Knoth v. Smith, 98-4063WM

Decision Date16 September 1999
Docket NumberNo. 98-4063WM,98-4063WM
Citation195 F.3d 355
Parties(8th Cir. 1999) Keith A. Knoth, Appellant, v. Smith & Nephew Richards, a/k/a Smith & Nephew North America, Appellee. Submitted:
CourtU.S. Court of Appeals — Eighth Circuit

On Appeal from the United States District Court for the Western District of Missouri.

Before RICHARD S. ARNOLD, FLOYD R. GIBSON, and LOKEN, Circuit Judges.

RICHARD S. ARNOLD, Circuit Judge.

The plaintiff, Keith Knoth, appeals from the judgment in this products-liability case after the jury returned a verdict in favor of the defendant, Smith & Nephew Richards. The defendant is a manufacturer of surgical and orthopedic devices. The plaintiff argues ten points of error by the District Court.1 Many of these arguments relate to his contention that the defendant violated the Medical Devices Amendments (MDA) to the Food, Drug, and Cosmetics Act, 21 U.S.C. 360, and that such a violation was either negligence per se, evidence of negligence, or relevant to a strict-liability claim. We affirm.

I.

In September of 1993, the plaintiff, a muscular 215-pound man, fractured the area above his left knee in an auto accident. Dr. William Gondring treated plaintiff's fracture with an 11mm intramedullary supracondylar (IMSC) nail that was manufactured by the defendant. "Intramedullary" means placed into the center of a bone, the place where marrow is made. "Supracondylar" means above the condyles, a portion of the knee. The model of IMSC nails in issue had less than a 1% failure rate and evolved from other types of intramedullary nails also manufactured by the defendant. The IMSC nail was to serve as an internal splint to hold the broken pieces of bone together while the bone healed. Dr. Gondring reamed the inner canal of the bone to 13.5mm, and he wrapped stainless steel wires around the bone to stabilize the fracture. Dr. Gondring did not bone graft the affected area. He had plaintiff wear a knee immobilizer.

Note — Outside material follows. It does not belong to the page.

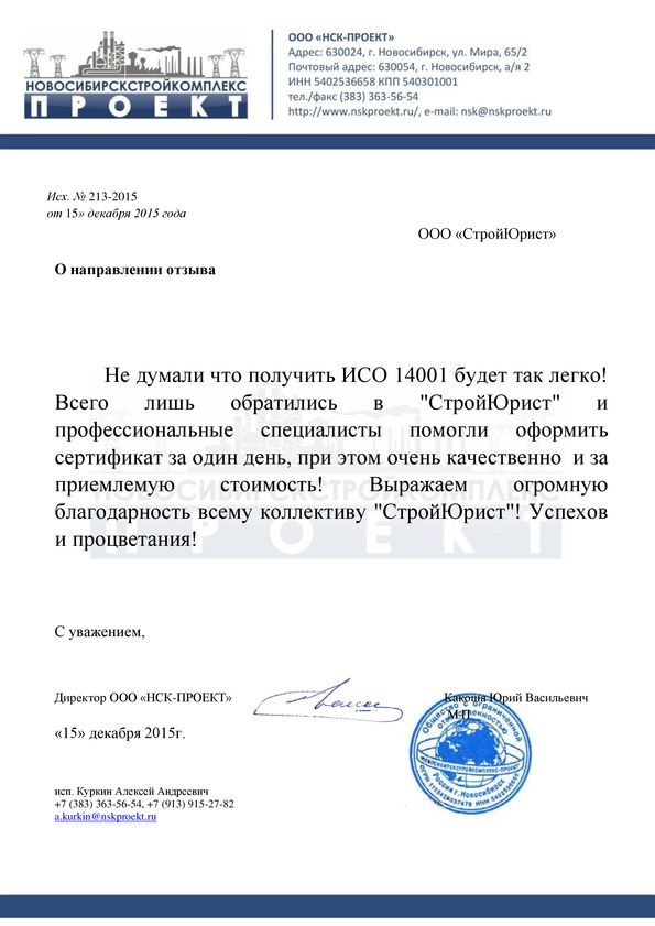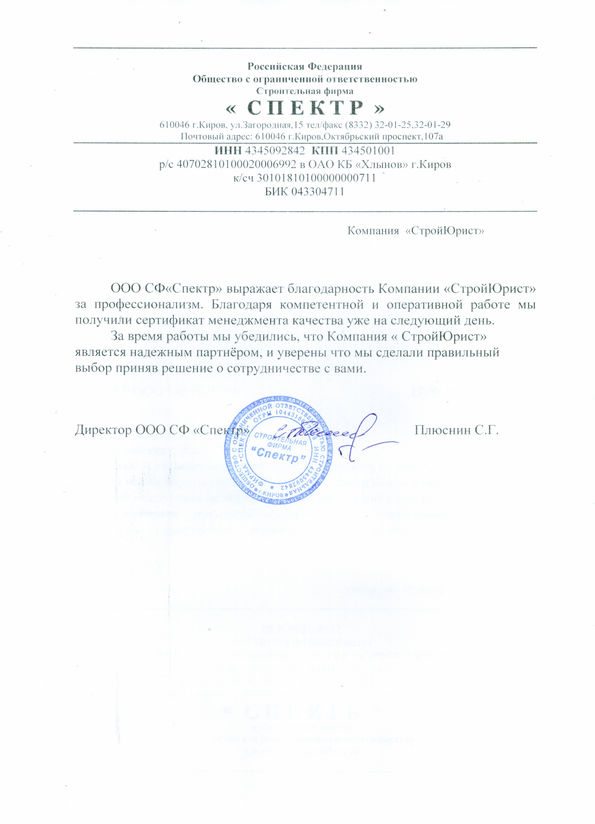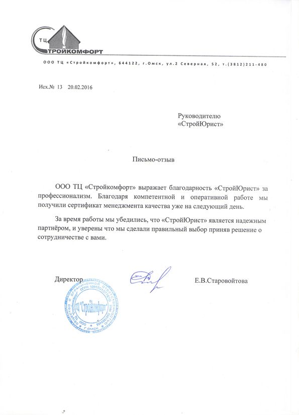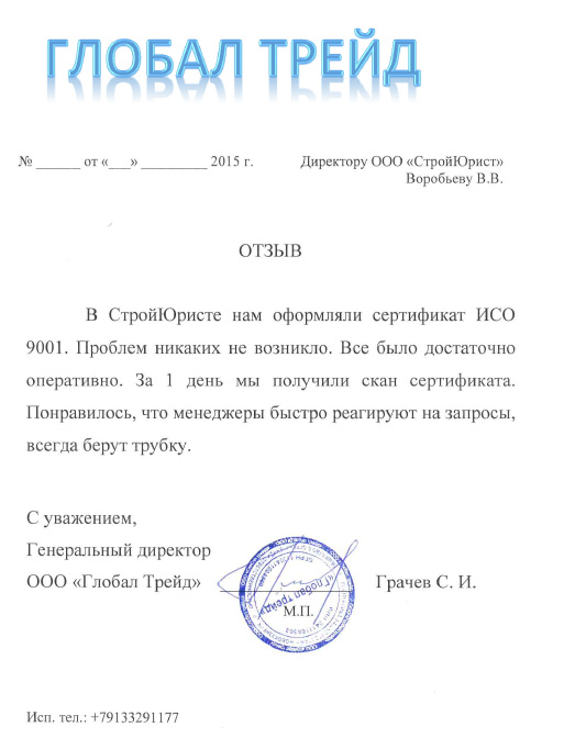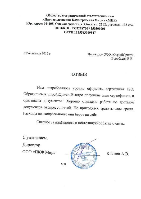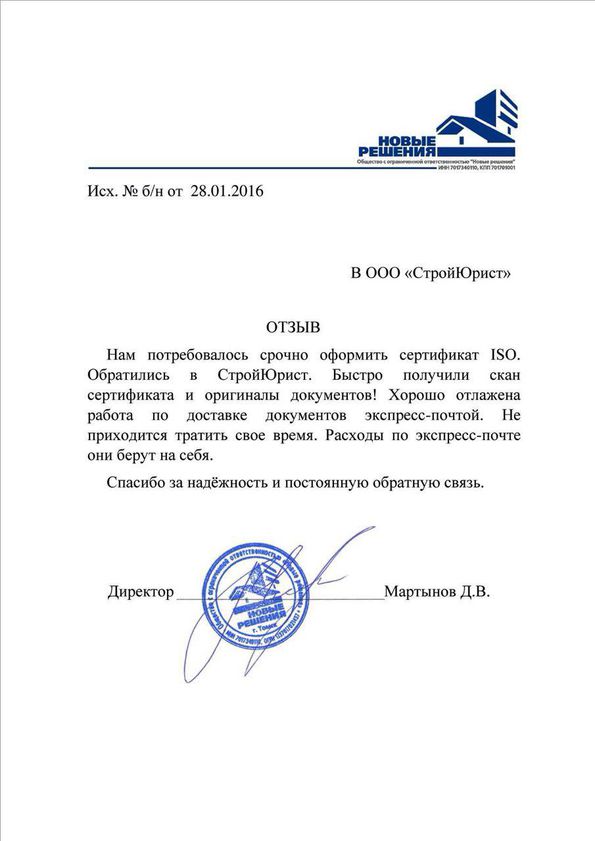 Отзывы клиентов "СтройЮрист" по ISO в Орле

The plaintiff underwent physical therapy. Dr. Gondring ordered heavy exercising of the leg on November of 1993, and by December 2, 1993, he had plaintiff progress to 25% weightbearing. In January of 1994, plaintiff was fully weightbearing on his leg. Plaintiff was advised to reduce his weightbearing, because the leg was not healed. Dr. Gondring continued plaintiff at 50% weightbearing for two weeks and then 75% for two weeks. On January 23, 1994, the plaintiff sat down in a chair, and the IMSC nail broke. Dr. Gondring performed another surgery and replaced the 11mm nail with a 13mm nail. The plaintiff sued defendant for product defect and negligence.

The District Court's original scheduling order provided that amendments to the pleadings should be filed by March 1, 1996. Well after that date, plaintiff discovered that defendant had made no filings with the Food and Drug Administration before marketing the IMSC device. After discovering this, the plaintiff, on September 9, 1996 (18 months after the original complaint was filed), moved to modify the scheduling order so that he could amend his complaint to include a statutory issue. The plaintiff wanted to show that the defendant's failure to make FDA filings, or seek approval under the MDA prior to marketing the device, constituted negligence per se. The District Court denied the plaintiff's motion, citing its original scheduling order. The original scheduling not only fixed the closing date for pleadings, but also stated that the time provided was generous, no extensions should be expected, and all pretrial discovery should be completed on or before September 1, 1996. App. 75.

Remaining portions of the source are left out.